Die Querfinanzierung von Hotelneubauten durch den Verkauf von Zweitwohnungen hat einen hohen Stellenwert für die Hotellerie. Daher ist es möglich, das strukturierte Beherbergungsbetriebe, wie bspw. Hotels, Zweitwohnungen bauen, auch wenn der Anteil an Zweitwohnungen in der Gemeinde höher als 20% ist. Dies ist aber nur zulässig, wenn die Weiterführung des bestehenden Betriebs im Vordergrund steht und die Einnahmen aus der Zweitwohnung in den Betrieb investiert werden. Die Zweitwohnungen können entweder vermietet oder zum Verkauf vorgesehen sein. Als Voraussetzung gilt, dass diese Wohnungen eine bauliche und funktionale Einheit mit dem Beherbergungsbetrieb bilden. (Art. 9 Abs. 1 ZWG)

Umnutzung zu Wohnungen

Wenn ein strukturierter Beherbergungsbetrieb seit mindestens 25 Jahren bewirtschaftet wird und dieser aus wirtschaftlichen Gründen nicht weitergeführt werden kann, dann darf dieser zu Wohnungen ohne Nutzungsbeschränkung umfunktioniert werden, d.h. zu einer klassischen Zweitwohnung. (Art. 9 Abs. 2 ZWG)

Jedes Gesetz will durchgesetzt werden! Wird eine Wohnung nicht rechtmässig genutzt, so darf die zuständige Behörde:

  • mit einer Nachfrist die auflagenkonforme Nutzung verlangen;
  • die Wohnung ansonsten versiegeln lassen und eine Busse von max. 10’000 Franken verhängen (Art. 292 StGB);
  • die Wohnung anschliessend durch die Gemeinde vermieten lassen. (Art. 18 ZWG)

Frau Leutenegger Oberholzer hat zwei Wochen vor dem Abstimmungstermin eine Zweitwohnung im Feriendorf Valbella gekauft. Valbella gehört zur politischen Gemeinde Vaz/Obervaz. In Vaz/Obervaz stehen auf Basis der Gebäude- und Wohnungsstatistik des Bundes rund 5’300 Wohnungen. Gemäss den Schätzungen sind davon 76,6% Zweitwohnungen. Der Kauf wäre nach der Abstimmung weiterhin möglich gewesen, da die Nutzung von altrechtlichen Wohnungen frei bleibt.

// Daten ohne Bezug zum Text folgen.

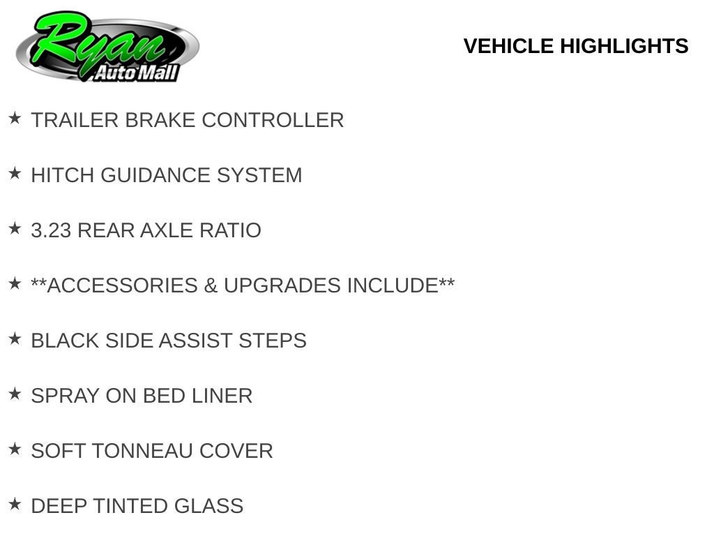 Equipped with the All Star Edition and Z71 Off-Road Suspension packages, this Silverado is built for both work and adventure. Performance and handling features include an auto-locking rear differential, skid plate package, hill descent control, and a 3.23 rear axle ratio. Towing and hauling are well supported with a 5-foot-8-inch cargo bed, LED cargo bed lighting, trailering equipment, trailer brake controller, and hitch guidance system. Exterior upgrades such as black side assist steps, a spray-on bed liner, soft tonneau cover, deep tinted glass, splash guards, tow hooks, and 20-inch painted aluminum wheels complete the truck’s capable and aggressive look.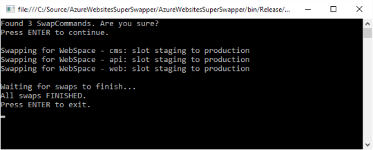 The Azure Websites Super Swapper only does one thing: swap websites. It takes a CSV file as input which contains a list of websites to swap. When you run this tool it will ask for confirmation and swap all the websites. You can see when the swap is finished or if there were problems.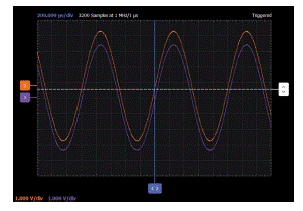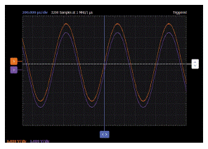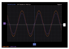 波形發生器W1配置為1 kHz正弦波,峰峰值幅度約為6 V,偏移為0。使用示波器通道1觀察W1的輸入,使用示波器通道2觀察放大器在RL處的輸出。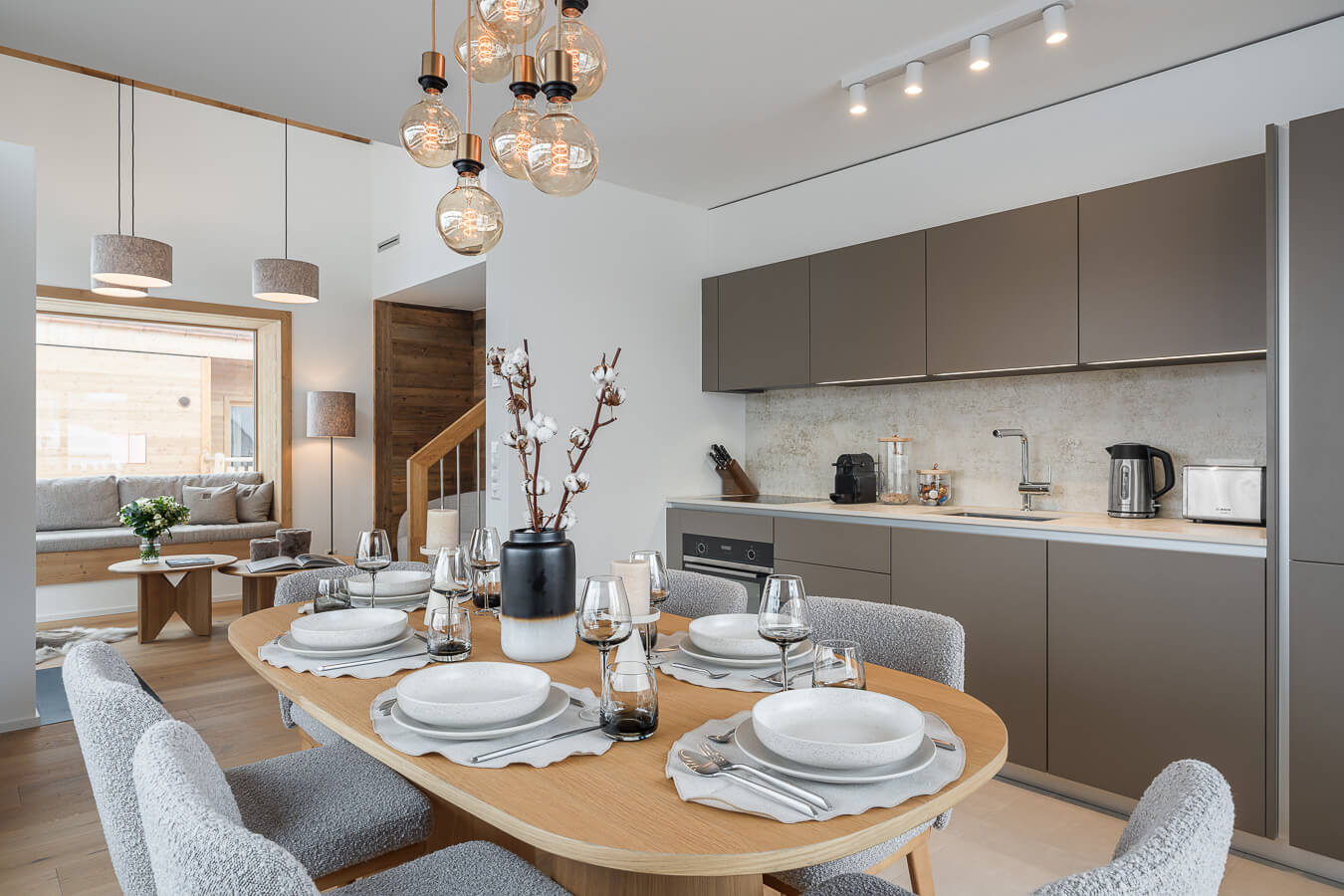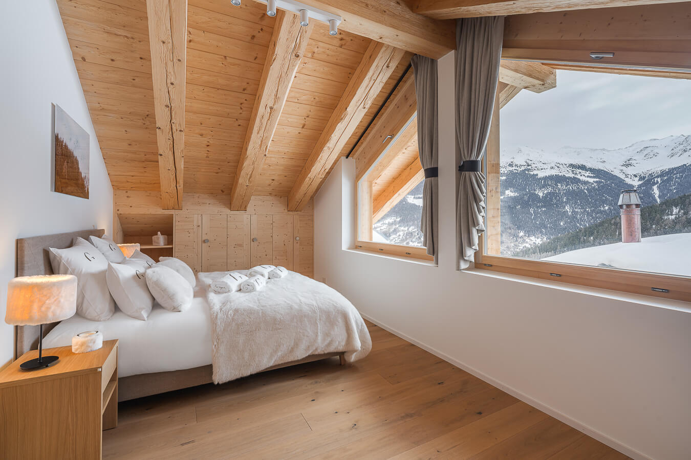 Ce chalet appartement dispose de trois chambres avec un lit double (180*200) ainsi que de deux salles de bains avec douche et une baignoire. La pièce de vie bénéficie d'un coin salon avec une télévision, d'une cuisine toute équipée, d’une cheminée à bois et d’un balcon orienté sud-ouest. Ce chalet s’ouvre sur toutes les expositions, pour une lumière et une vue changeantes tout au long de la journée. Il dispose d'appareils électroménagers tels qu'un lave vaisselle, une machine à café Nespresso, le nécessaire de cuisine, etc.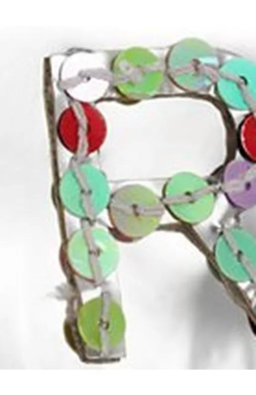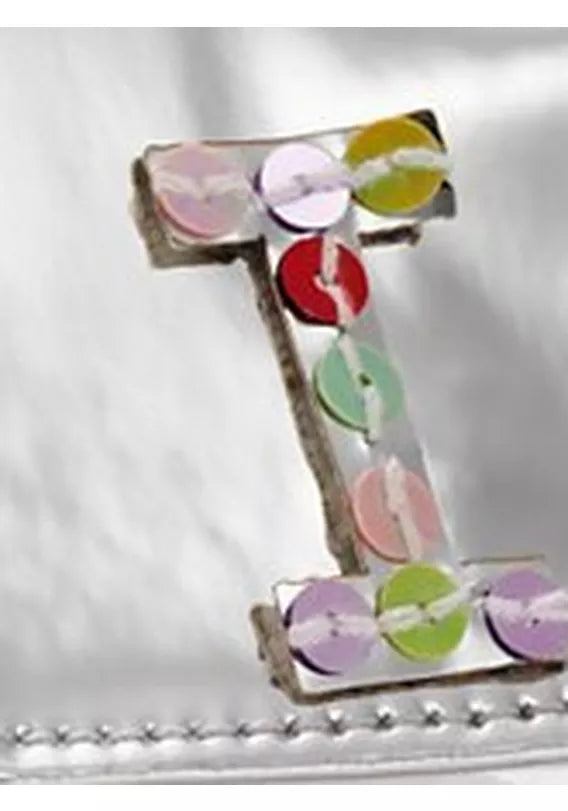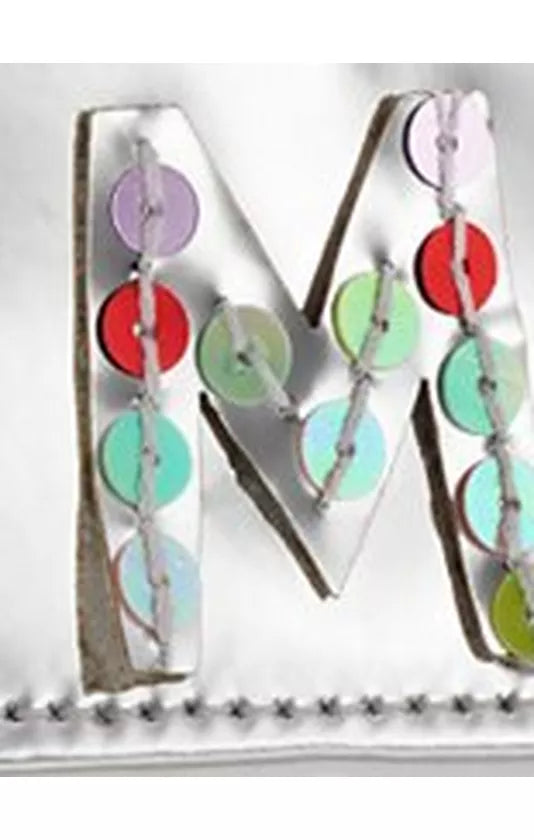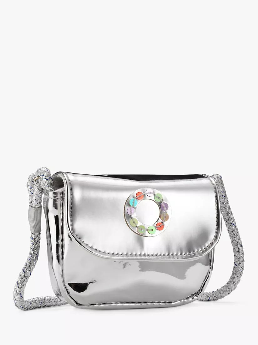 Diese verspiegelte, metallisch glänzende Mini-Tasche ist mit einem Initial und Paillettenapplikation verziert. Eine Klappe mit Druckknopfverschluss und ein langer Schultergurt aus Seil runden den Gesamteindruck ab.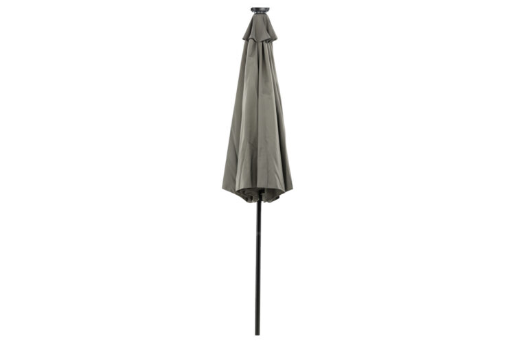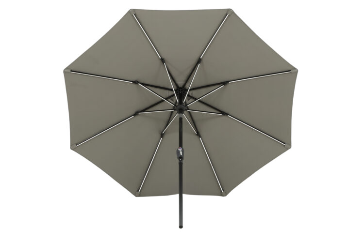 Ett fristående parasoll med grått tyg, perfekt för lata dagar i skuggan! Flytta runt det på din uteplats efter ditt behov. LED-belysningen ger ett mysigt sken på kvällarna.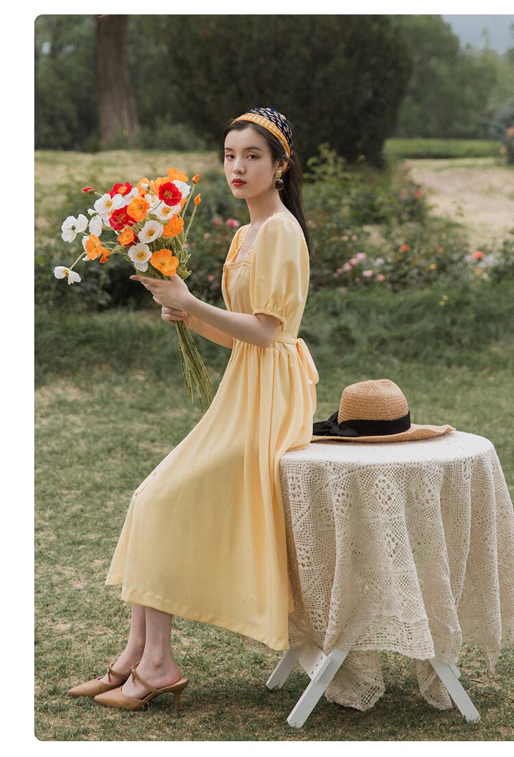 お嬢様系 マキシイエローワンピース サマースタンダード ロングカラードレス レトロ 夏物 スカート フラワーデザイン スクウェア 韓国系 ガーリー お呼ばれ カジュアル フェミニン AA8545984 | miel style clothing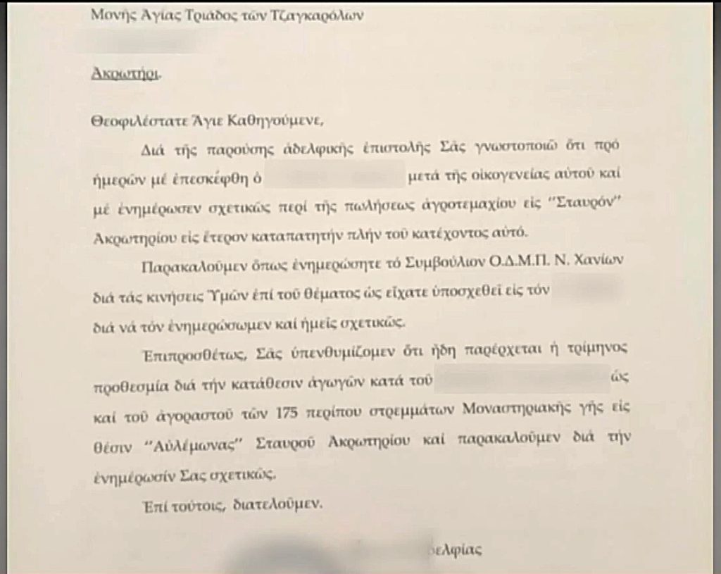 H δεύτερη δικογραφία αφορά στην αγοραπωλησία των 175 στρεμμάτων της Ιεράς Μονής στην περιοχή του Σταυρού Ακρωτηρίου. Την έκταση αγόρασε ισραηλινός όμιλος μέσω ενός εκ των κατηγορουμένων, με τη «σφραγίδα» του τότε επισκόπου, που κατηγορείται, επίσης, μαζί με το δικηγόρο που συμμετείχε στην αγοραπωλησία.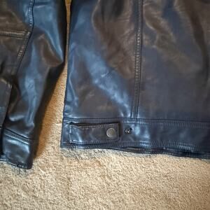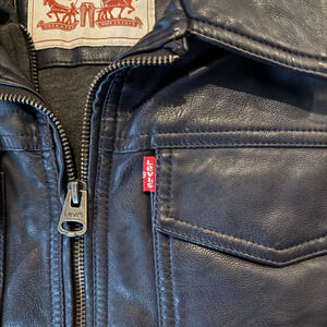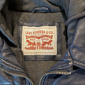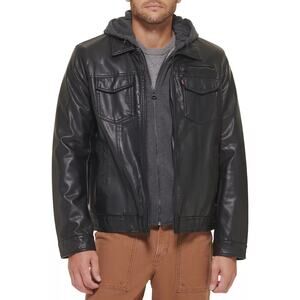Mens Levis Black Faux Leather Jean Jacket Lined Zip Up Hooded Size Large $140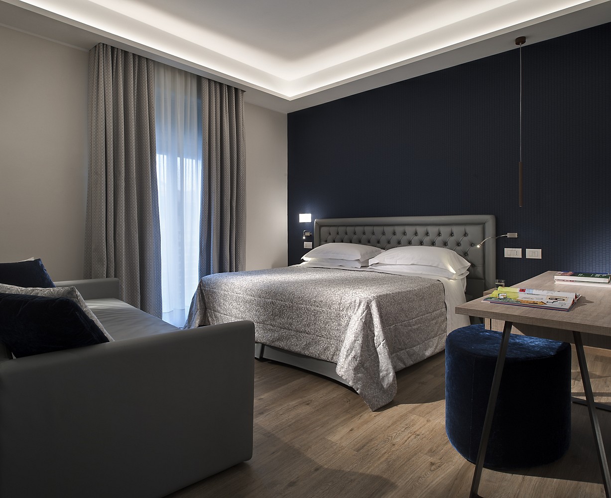 Le stanze sono particolarmente confortevoli, tutte con bagno (doccia o vasca), balcone, telefono diretto, tv a schermo piatto con canali satellitari italiani e stranieri, asciugacapelli, cassaforte, aria condizionata e minibar (rifornito su richiesta dl cliente).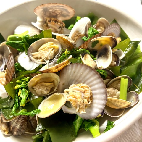 春の酒蒸し(ホタテ稚貝、アサリ、菜の花、生わかめ)。ヘルシーなのにうまみたっぷり、酒飲みさんに優しいおつまみ。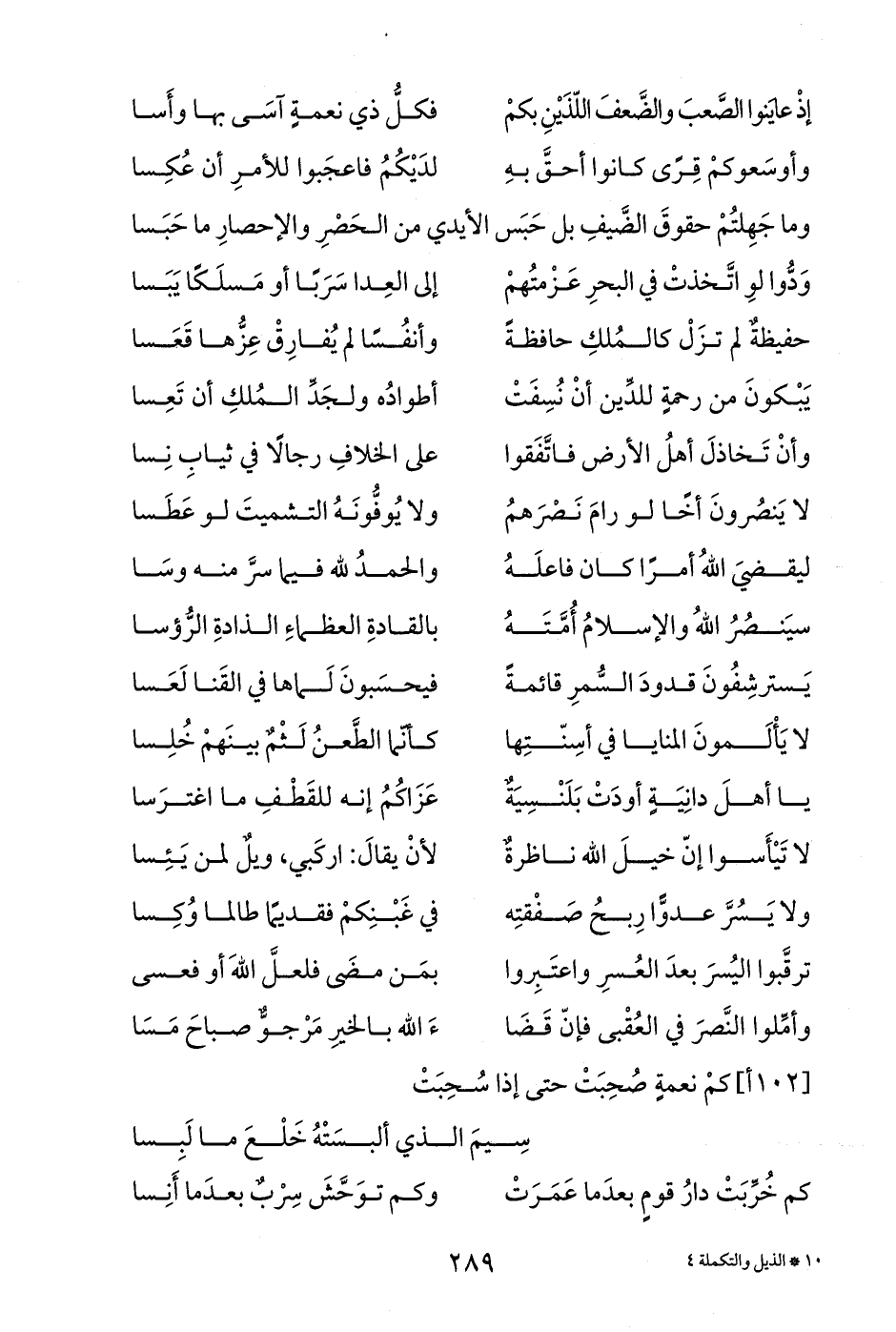 كمْ نعمةٍ صُحِبَتْ حتى إذا سُحِبَتْ ... سِيمَ الذي ألبسَتْهُ خَلْعَ ما لَبِسا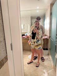 Make sure you rent a set! It’s so cute and comfy. I sized up in both shorts and shirt for baggy look.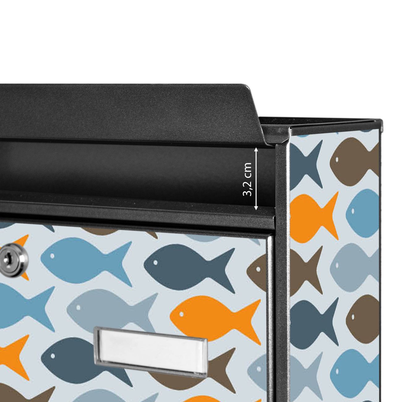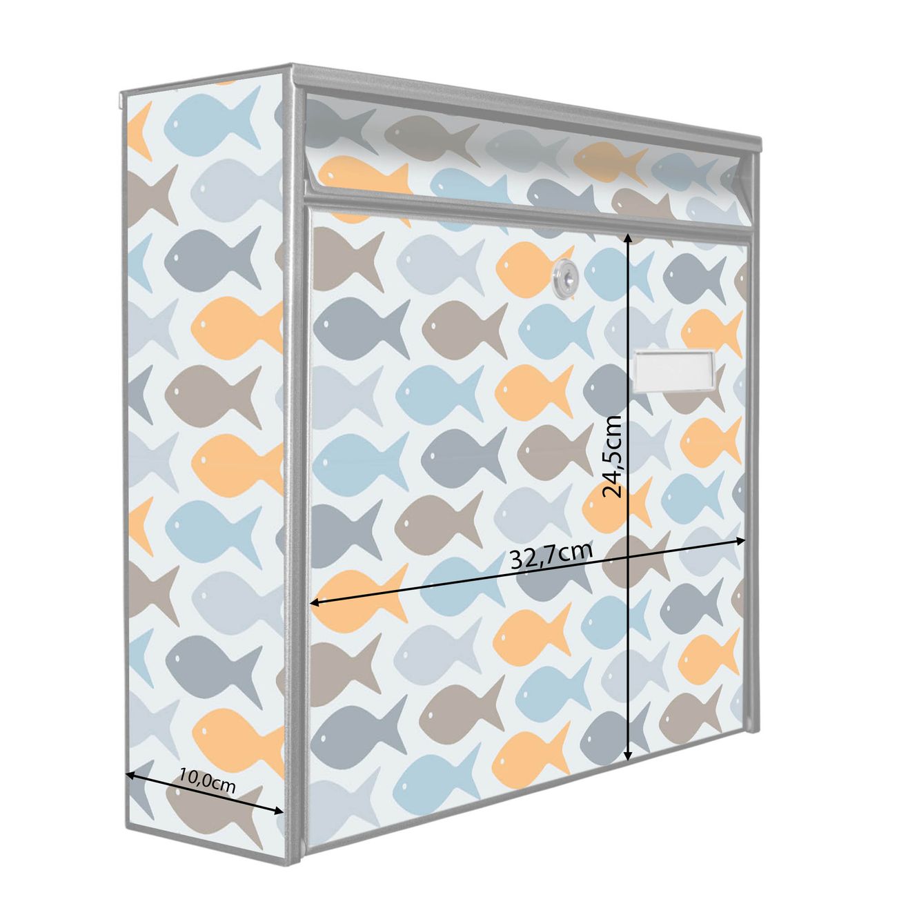Der Burg Wächter Mail Briefkasten mit Motiv Bunte Fische bietet Ihnen mit seinem Fassungsvermögen genügend Platz auch für große A4 Sendungen. Auf Wunsch können Sie bei uns den passenden Standfuß kaufen und so aus dem Wandbriefkasten einen Standbriefkasten machen. Wir bieten Ihnen ebenfalls Namensschilder, bereits beschriftet oder frei zu beschriften, und verschiedene selbst gestaltete Bitte-Keine-Werbung-Aufkleber.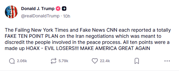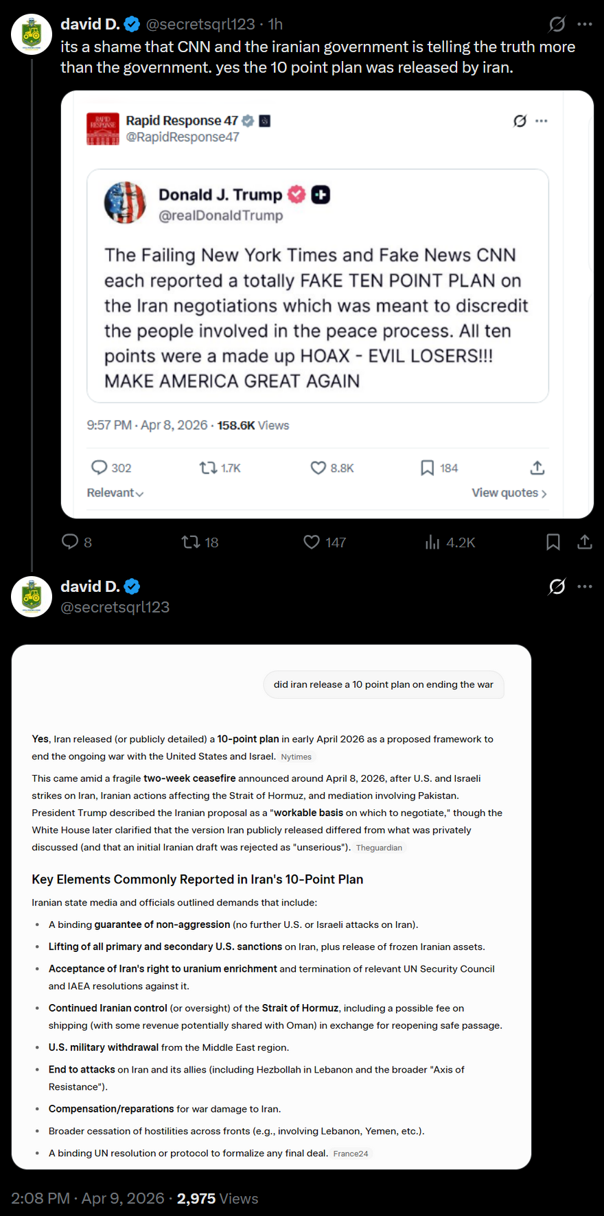 >its a shame that CNN and the iranian government is telling the truth more than the government. yes the 10 point plan was released by iran.LOLOL

Zweitwohnungen sind nur noch erlaubt, wenn nicht mehr als 20% aller Wohnungen in einer Gemeinde Zweitwohnungen sind. Alte Zweitwohnungen bleiben bestehen. Neue Wohnungen werden in solchen Gemeinden nur noch erlaubt, wenn es Erstwohnungen sind oder sie touristisch genutzt werden. Wer sich nicht an die Vorgaben hält, der kann gebüsst werden und die Wohnung zwangsvermietet werden.